I want our brown boys to have the space and time to be hopeful and undaunted, counting forward not down to the days to come when they can play basketball and hockey and go to the club with their boys and call up girls late, late in their parents’ basements.
I want them to have the passport to be black, and just be.
I’m not racist, but …
The minute you hear a person start off with that phrase, you pretty much know that the rest of their sentence indeed will be offensive — at best. You practically can set your watch to it.
But then there are those times when a person says that offensive/racist thing, and you want to gently shove a sock in their mouth while you school them on why they should never repeat what they just said. For me, those moments usually involve a well-meaning (albeit ignorant) parent, and they are talking about something that pertains to their child. Because, like Wu-Tang, MMM is for the children.
Example: White woman pregnant with her first baby approaches a welcoming, kindhearted group of new moms with a question. She starts with the red-flag phrase: I’m not racist, but … her boyfriend and baby’s father is black, but “he’s not, like, super black” and she wants to know what color her baby — due in two months — will be. Oh, and she’s also rather preoccupied with the baby’s hair.
Now, there’s a lot to unpack here. And I have questions.
What does she mean by super black?
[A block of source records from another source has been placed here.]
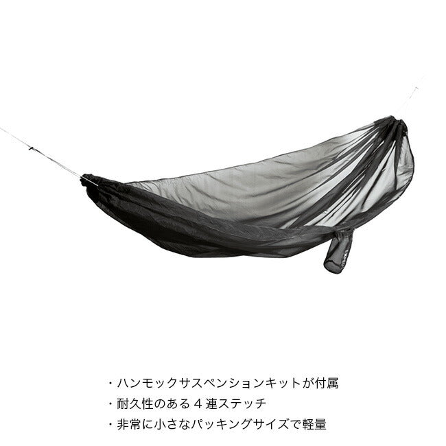 トラベル ハンモック メッシュ キットは、非常にコンパクトな収納サイズの風通しの良い超軽量のトラベルハンモックです。
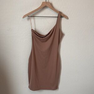 Naked Wardrobe One Shoulder Ribbed Midi Dress in Coco Size L
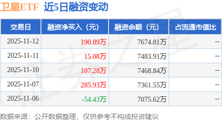 卫星ETF:11月12日融资净买入190.89万元,连续3日累计净买入313.26万元
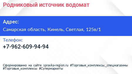 Родниковый источник, водомат по адресу Самарская область, Кинель, Светлая, 125в/1 в дальнейшем Организация, размещена в следующих категориях:
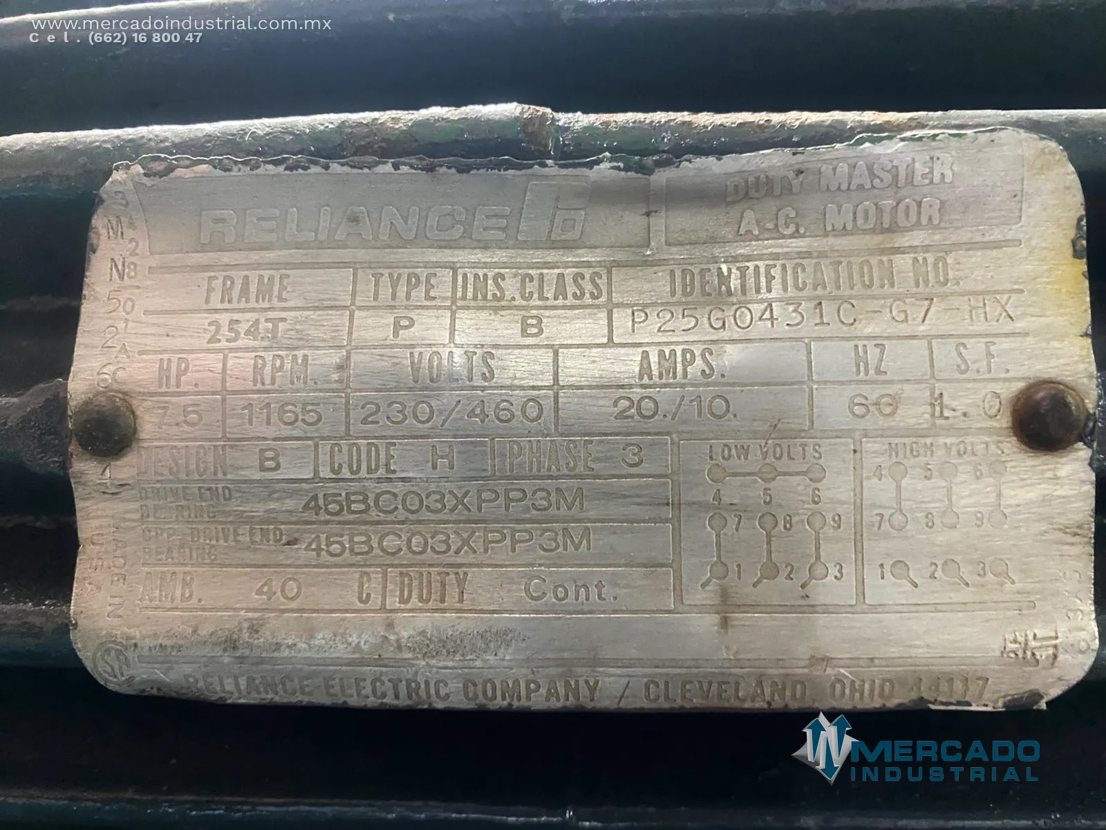 Motor eléctrico trifásico 7.5 HP 6 polos 1165 RPM marca Reliance - Mercado Industrial
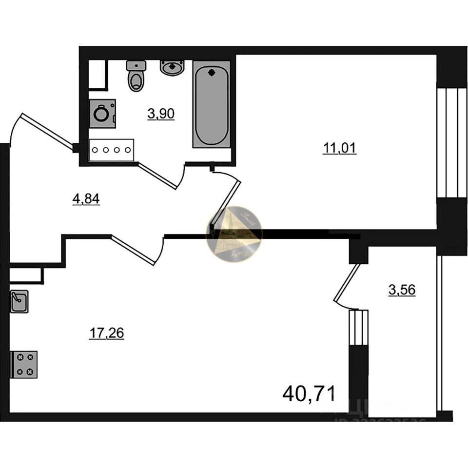 Квартира находится на 8/12 этаже. Общая площадь квартиры 40.71 м2.
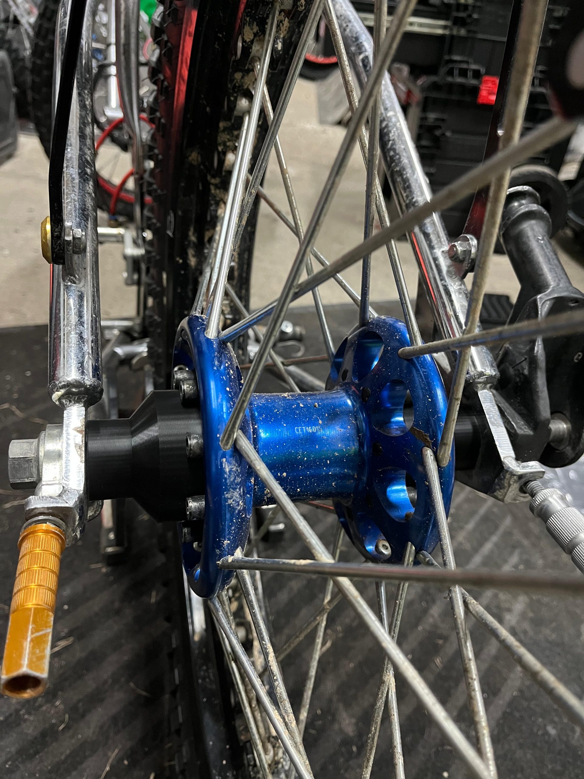 Tulejki umożliwiające mycie kół Kineo bezpośrednio na motocyklu.
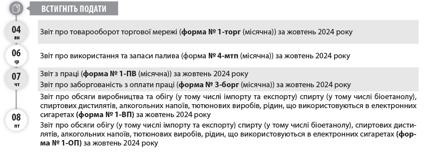 ДО ВІДОМА. У календарі наведено основні форми статистичної звітності. Повний перелік форм державних статистичних спостережень на 2024 рік, а також терміни подання форм статистичної та фінансової звітності наведені на офіційній вебсторінці Державної служби статистики України.
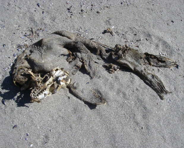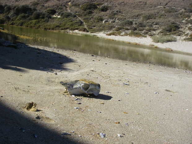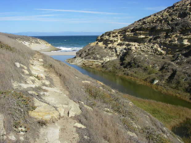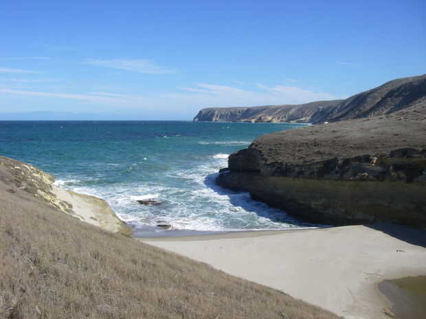 De pronto el cañón se abre y es el océano. La Restinga está adornada con varias reliquias, grumos de alquitrán de derrames de petróleo y las pistas del zorro de la isla.
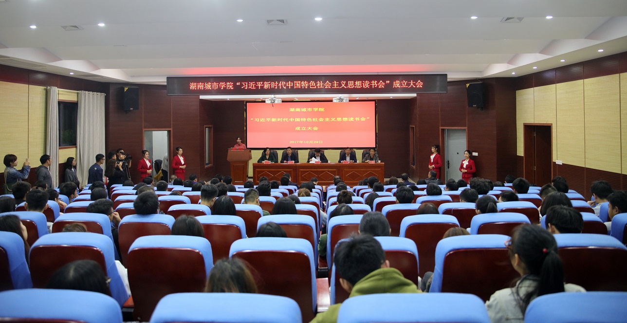 (本网讯)10月29日晚,由学生自主发起并成立的博鱼买球正规(中国)有限公司官网“习近平新时代中国特色社会主义思想读书会”成立大会在建筑规划楼报告厅举行。党委书记罗成翼、副校长谭献良,宣传部、学工部、团委、马克思主义学院、各二级学院学工部门负责人以及读书会首届会员出席大会。
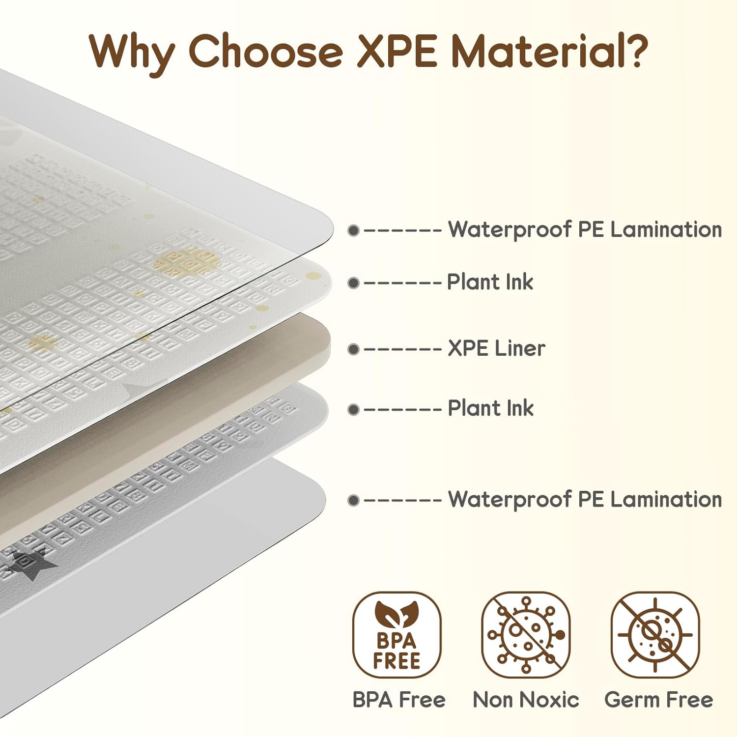 - SAFE XPE MATERIAL: Fits inside a baby playpen with an inside diameter of 50 x 50 inches. The baby play mat for the floor is made of high-density XPE foam material, which is soft and protects your baby's sensitive skin from the hard floor.

Are we talking literal skin color, the hue of the man, or is this a cultural assessment that she’s making about his internal blackness? And why are there a preemptive worries about the baby’s hair texture and skin color? Are those really top-priority concerns for your newborn?
Lady, you’re about to have a mixed race child in a nation that is slowly choking on the fiction that is “Post-racial America.” Our black boys seem to be born with a bull’s-eye on their backs. Our girls have their hair scrutinized, pet like an animal, discounted, and even deemed against regulation. These same girls — our girls — often grow up not seeing a physical manifestation of themselves on TV, in films and magazines, and too often told that they are not classically beautiful or simply “angry, black women.” Our young women and men of color are erased, devalued and, as a collective, continually robbed of the “privilege of being treated like human beings.”
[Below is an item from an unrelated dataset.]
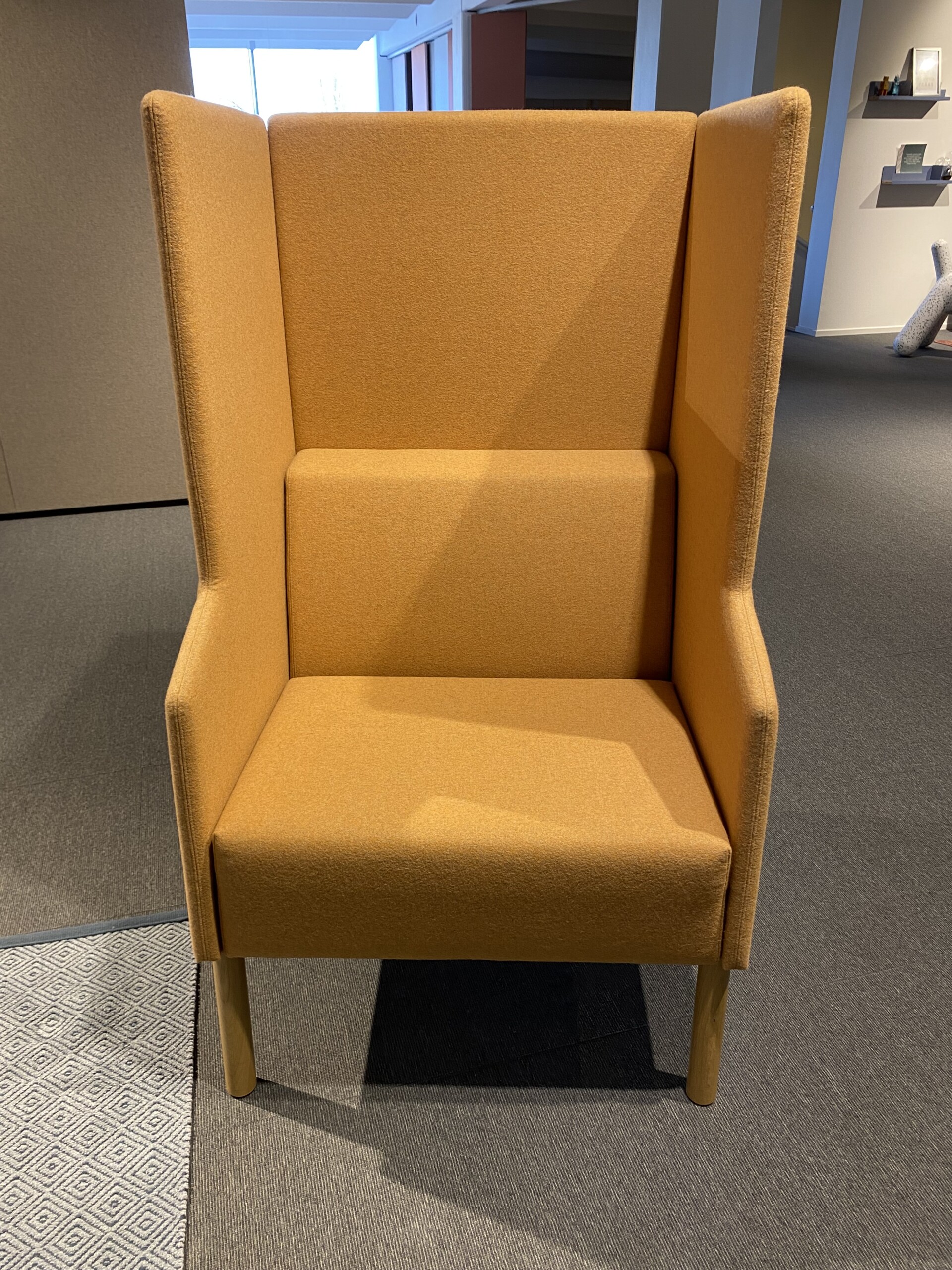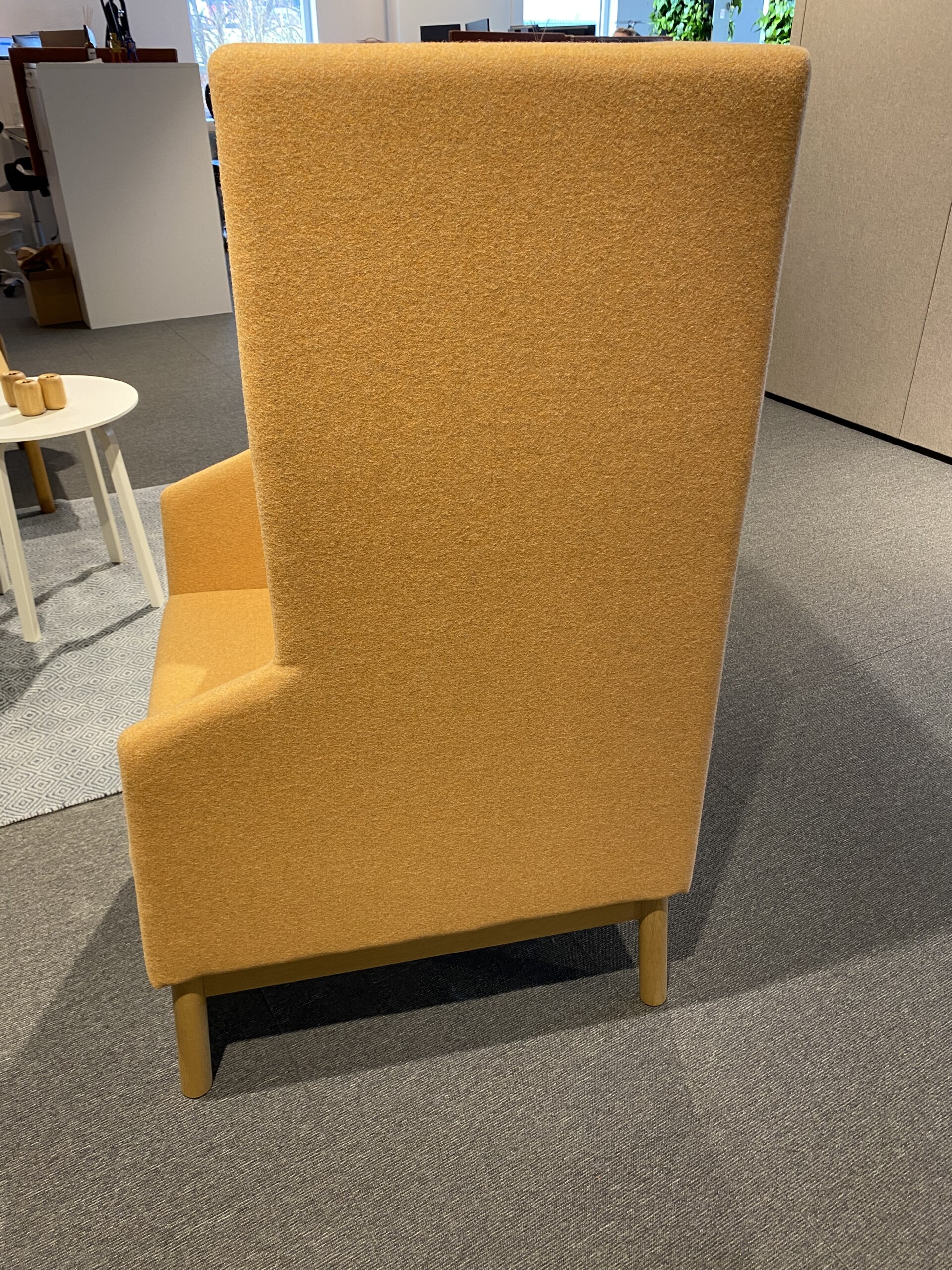 Sæde og ryg i stof (gul). 4-bensstel i træ (eg).

This doesn’t even scratch at the other part of the iceberg, the part that delves into the all-important notion of identity, self-awareness and self-acceptance in the face of racial microaggressions that peck away at us like ducks. All of it daily work for all of us, us with our brown skin — from barely bronze to super black.
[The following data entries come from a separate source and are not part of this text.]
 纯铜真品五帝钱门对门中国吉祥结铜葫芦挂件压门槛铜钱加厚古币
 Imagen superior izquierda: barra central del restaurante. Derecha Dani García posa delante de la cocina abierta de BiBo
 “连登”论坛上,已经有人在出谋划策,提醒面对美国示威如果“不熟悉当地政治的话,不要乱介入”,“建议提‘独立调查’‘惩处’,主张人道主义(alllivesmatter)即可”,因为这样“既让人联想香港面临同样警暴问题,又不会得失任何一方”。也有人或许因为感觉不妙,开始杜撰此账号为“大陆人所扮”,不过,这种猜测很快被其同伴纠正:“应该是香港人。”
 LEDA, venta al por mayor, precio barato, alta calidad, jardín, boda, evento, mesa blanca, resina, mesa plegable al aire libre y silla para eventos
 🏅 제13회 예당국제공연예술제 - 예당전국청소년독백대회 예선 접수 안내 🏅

So to hear about this white mom forming her lips to ask her silly, “not racist but …” question about the skin tone and hair texture of her child — actually hoping for very light and curly, respectively — I want to tell her to stop talking about that. I want to strongly advise her to get educated, get prepared, and get more comfortable talking about race, because she is about to have a mixed race baby, and she will be that child’s trusted guide through this matted web of racism and all its twisted assumption, warped perception, scrambled theories, and truth-lite. She will be that child’s beacon through the bumpy roads ahead. And there is no room in any of this for the weak or the wack.
In short: Be that child’s mother, and don’t start anything with, “I’m not racist, but …” ever.